Il y a, avec la mise en place par Jean-Michel Blanquer d’évaluations nationales standardisées en CP, CE1, mais aussi en 6ème et en 2nde, un double-enjeu, un double-affrontement. Et donc, selon qui sortira vainqueur de ce conflit, deux niveaux de conséquences pour l’avenir de notre système éducatif.
Le premier enjeu donc, réside dans l’identification de qui sera légitime pour définir ce que sera l’agir enseignant.
Jean-Michel Blanquer prétend à cela. Et Il n’a pas attendu, pour poser les jallons de cette mise sous tutelle de notre métier. Avec les ajustements aux programmes, le petit livre orange, les directives sur le contenu des APC, et des animations pédagogiques, il a multiplié le prescrit. Avec le conseil scientifique, le futur conseil de l’évaluation, ou la réorientation du CSP, il a mis en place les groupes d’experts qui élaboreront les bonnes pratiques dont les enseignants, prolétarisés, seront les exécutants. Et il ne s’arrêtera pas là: statut des directeurs, fusion des écoles maternelle et élémentaire, individualisation les carrières, renforcement du pouvoir des corps d’inspection… Tout cela lui permettra d’augmenter le poids des hiérarchies intermédiaires pour que les enseignants fassent le métiers tels qu’il le prescrit, et non tel qu’ils voudraient le faire.
De fait, il entend qu’un métier tout entier rompe avec son histoire, avec tous ses gestes professionnels longuement décantés nourris de l’apport des mouvements pédagogiques et de l’ensemble de la recherche. Et si l’on regarde les professions qui ont eu à vivre de telles réassignations, c’est d’une violence extrême qu’il nous faut avoir en tête.

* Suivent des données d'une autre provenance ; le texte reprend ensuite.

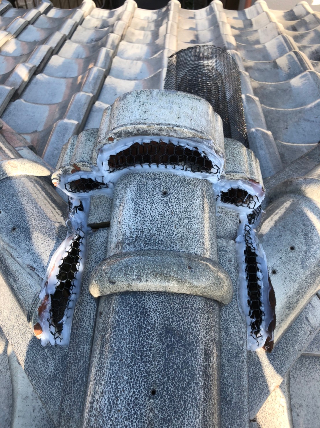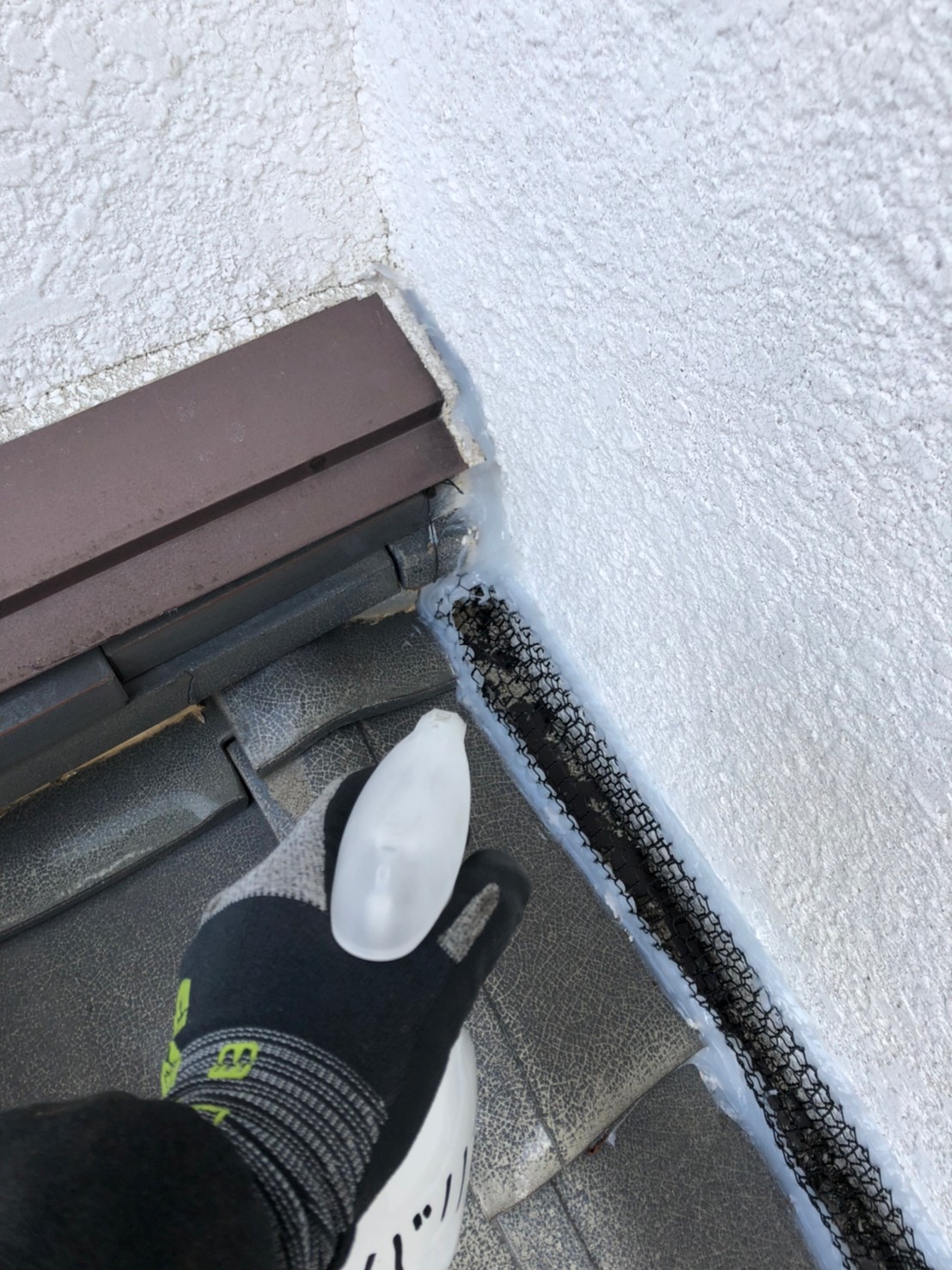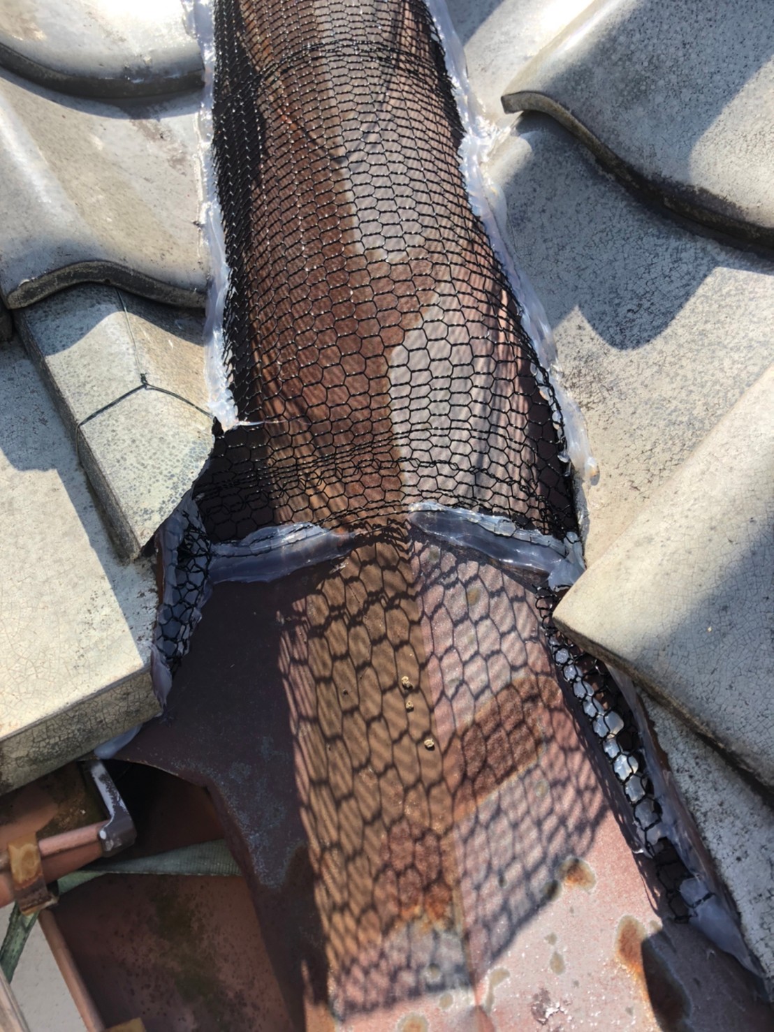 続いて、ハクビシンの再侵入を防ぐために、パンチングメタルや金網、コーキング剤などを用いて侵入経路の封鎖を行います。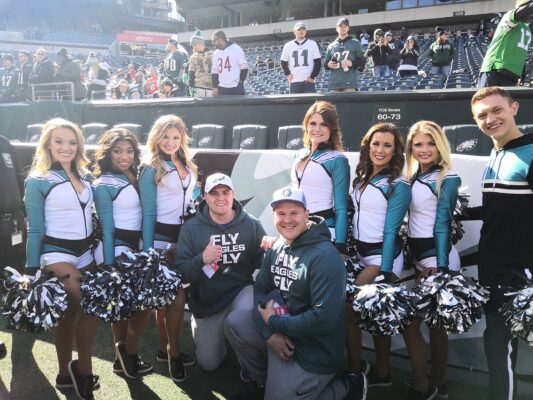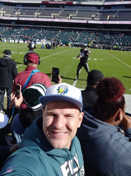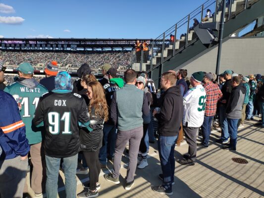 Утро воскресенья началось с того, что вся Филадельфия перекрасилась в зеленый цвет! Мы поехали на игру пораньше (как думали), потому как у нас были проходки на сайдлайн во время разминки команд. Но выйдя из метро (которое к слову больше похоже на хоспис, т.к. количество бомжей в нем просто не поддается подсчету), мы испустили протяжные возгласы наподобие «ни х… себе, т.е. у-а-а-аа-уу!» увидев количество людей на парковках. В 9:40 утра тейлгейт был уже в полном разгаре и все вокруг было заполнено различными вариациями гриля и атрибутикой «Иглс». Атмосфера не передается словами – как будто ты сидишь в шлюпке во время крушения «Титаника».

Le deuxième enjeu touche à l’ambition même assignée au service publique d’éducation. Car le métier qu’entend nous faire exercer Blanquer est un métier dont les fondements (individualisation des parcours et des apprentissages, resserrement sur les fondamentaux) conduiront à une augmentation des inégalités scolaires et du poids des déterminismes sociaux dans la réussite scolaire. Et il y a là un enjeu politique qui engage plus largement que notre seule profession.
Avec ces évaluations, c’est la première fois que les enseignants auront à se positionner par rapport à ce que Blanquer veut faire de leur métier. Et nous ne pouvons accepter que notre profession renonce à son métier et à l’ambition de démocratisation de notre système scolaire. Il va donc falloir organiser la résistance.

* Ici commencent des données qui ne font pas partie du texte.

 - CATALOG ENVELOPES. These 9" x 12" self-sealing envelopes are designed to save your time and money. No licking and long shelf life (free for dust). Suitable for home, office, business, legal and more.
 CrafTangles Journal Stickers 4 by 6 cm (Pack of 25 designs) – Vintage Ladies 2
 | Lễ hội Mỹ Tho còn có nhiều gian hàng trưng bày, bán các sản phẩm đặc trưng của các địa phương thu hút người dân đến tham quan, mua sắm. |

Alors c’est vrai. Tout le monde n‘aura pas conscience de ce qui se joue au moment la passation des évaluations. Mais certains verront l’enjeu et se mobiliseront. Et puis il y aura le moment de la saisie des résultats, l’arrivée des profils d’élèves définis par un algorithme ministériel, la deuxième salve d’évaluation… Autant de moments symboliques forts, ou des prises de conscience pourront se faire, si tant est qu’on a été capable d’engager la mobilisation.

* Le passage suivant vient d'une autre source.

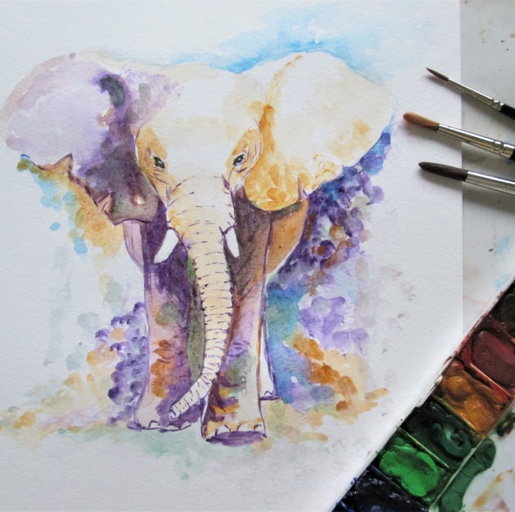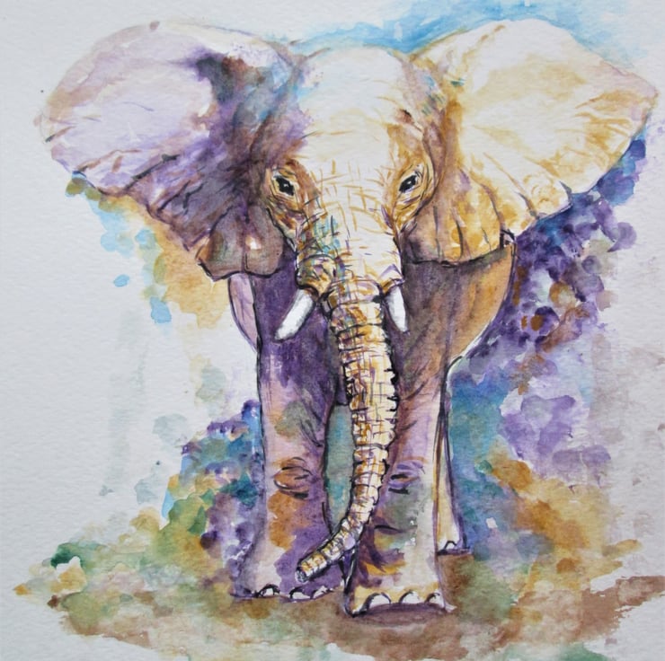This watercolour depicts the majestic elephant. A loosely painted watercolour on paper. Colourful elephant.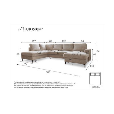 Ъглов диван Lofty LillyОт рипсено кадифе, сгъваем/с място за съхранение, ляв ъгъл/U форма, тъмносив, други, ширина 303 cm, дълбочина 197 cm, дълбочина на седалката 57 cm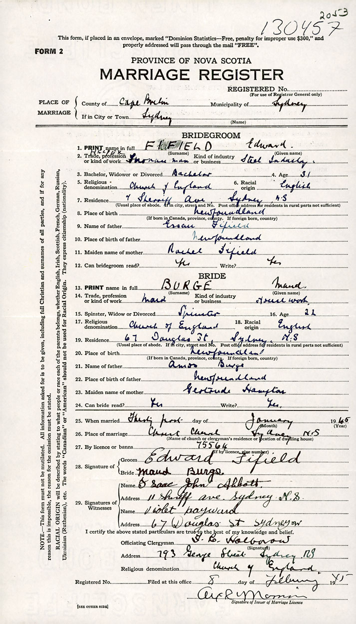 26. Place of marriage Christ Church Sydney, Cape Breton County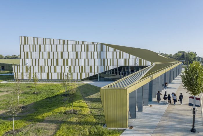 Wheels Science and Fabrication Building (August 2020). Home to the signature Wheels program, the Science and Fabrication Building creates a public presence for the school by linking the campus to Bentonville Square. Situated west of the 2 student commons and south of the Thaden Performance building, the building opens to the east to create a sense of entrance and arrival. A canopy along Main Street acts as a “billboard” for the campus and creates an outdoor workspace for the Wheels lab. Similar to the Arts and Administration Building, the Wheels building roof is a performative response as much as it is a figural expression.

Il nous faut donc définir aujourd’hui un plan d’action qui ne rate aucune des étapes. Et surtout pas la première. Il nous faut sortir de ce CN avec un mot d’ordre fort à même de bousculer les certitudes assénées par Blanquer : appel à ne pas faire passer les évaluations ou à minima l’expression de notre solidarité avec les enseignants qui refuseraient de les faire passer, appel à ne pas remonter les résultats,.
Mais ce premier mot d’ordre ne suffira pas. Il faudra engager une campagne de terrain pour convaincre largement, enseignants et parents d’élèves, que Blanquer s’oppose dans le même temps au respect du métier d’enseignant et à la réussite des élèves issus des classes populaires qui sont majoritaires dans nos classes.
Il faudra multiplier les prises de positions publiques avec l’intersyndicale la plus large possible, avec les chercheurs, avec les associations de parents d’élèves ou les mouvements pédagogiques.
La reconnaissance de notre expertise professionnelle ne peut plus être une demande formulée à un ministère qui entend justement la réduire. Ce sera une reconquête, d’autant plus forte qu’elle affirmera son ambition de démocratiser notre système scolaire.